In 1966, just a couple years after Heineken's WOBO house, the Horten department store, designed by Rhode Kellermann Wawrowsky (RKW), was built in Hamm, Germany. The outer layer of the store was covered in molded aluminum tiles that gave the building its modern, textured appearance. Fast forward to 2007 and the unfortunate demolition of the 41-year-old department store: fortunately, many of the Horten tiles were saved and sold for reuse. KARO* architekten worked on one project (the only one I'm aware of) that reused the tiles: the award-winning Open-Air Library located in "a socially depressed" area of Magdeburg, Germany. Previously the library on the same site was temporary, made from milk crates. With the Horten tiles, the Open-Air Library became permanent, another example of "upcycling" a material, or in this case a component.
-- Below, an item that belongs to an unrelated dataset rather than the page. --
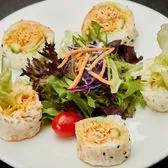Spicy lobster Krab† mix, romaine hearts, avocado and cucumber, rolled in rice and soy paper. Served with miso soup and uchi no salad.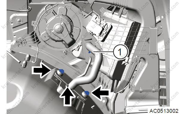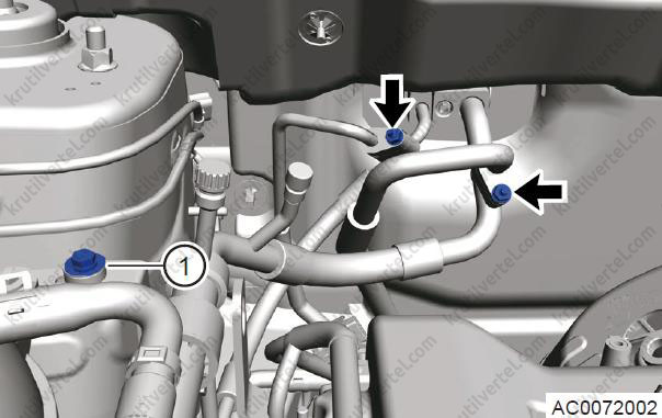 - Відкрутіть три болти (стрілка) на хомуті труби високого/низького тиску. Відкрутіть болт кріплення (1) між лінією подачі та заднім розширювальним клапаном.

Both of these examples of upcycling are found, appropriately enough, in Upcycling, which looks at historical and recent examples (almost exclusively in Europe, especially German-speaking countries) of materials being reused in ways that does not downgrade their physical makeup or their architectural potential. It is an optimistic, if academically grounded book whose message even extends to its cover; the second edition, which the publisher sent me, is recycled "Gmund Bio Cycle made from fast growing fibers and green waste." If Pawley's 45-year-old book on "garbage housing" put the image of such on its cover, this book makes its subject into the cover.

Inside the book are a dozen contributions in two sections: "History of Reuse and Repurposing" and "Reuse and Repurposing of History?" They follow editor Daniel Stockhammer's excellent introduction, which highlights the increasing attention given to adaptive reuse and other ways of preserving materials over the long-held focus on new buildings valued for formal innovation. It's a refreshing shift toward an approach that has been done for centuries, as the examples in the book show, but is being discussed more and more as climate change and resource scarcity increases. More than having a firm grounding in issues of sustainability, adaptive reuse and examples of upcycling should be seen as impetuses for creativity: the layering and collision of old and new should be enthusiastically embraced by architects, not just forward-thinking clients like Alfred Heineken. This book offers a myriad of examples, from both academics and students, that should intellectually inspire architects interested in an upcycling design approach.